Wherever a picture appears in the data below, omit it, and restate everything else word for word.

#### Supplied information:
•••••

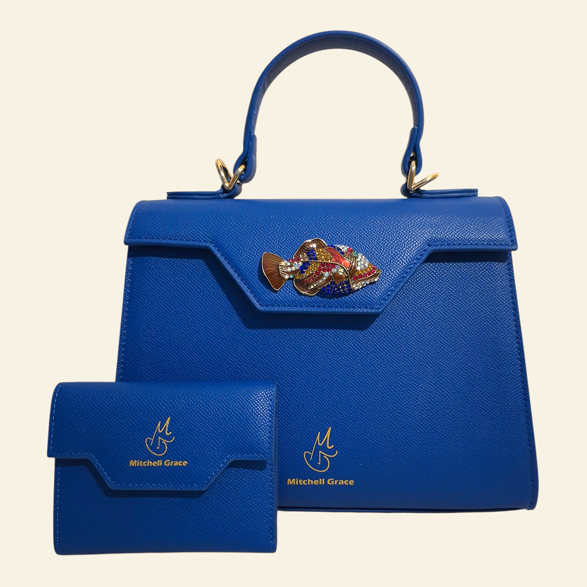 Finished with the Mitchell Grace gold logo in front for a polished, luxury touch.
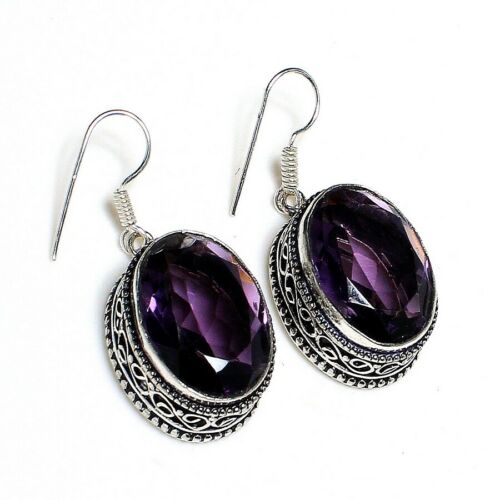 Great Purple Amethyst Gemstone 925 Silver Jewelry Vintage Earring Size 1.50''''
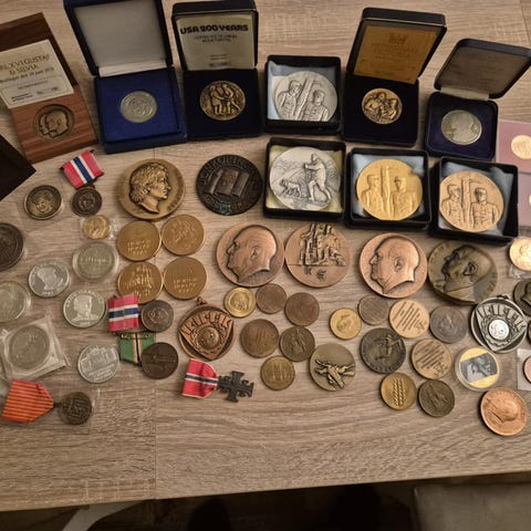 Ukjent Sett med to medaljer i treskrin

•••••

#### Final answer:
 Finished with the Mitchell Grace gold logo in front for a polished, luxury touch.
 Great Purple Amethyst Gemstone 925 Silver Jewelry Vintage Earring Size 1.50''''
 Ukjent Sett med to medaljer i treskrin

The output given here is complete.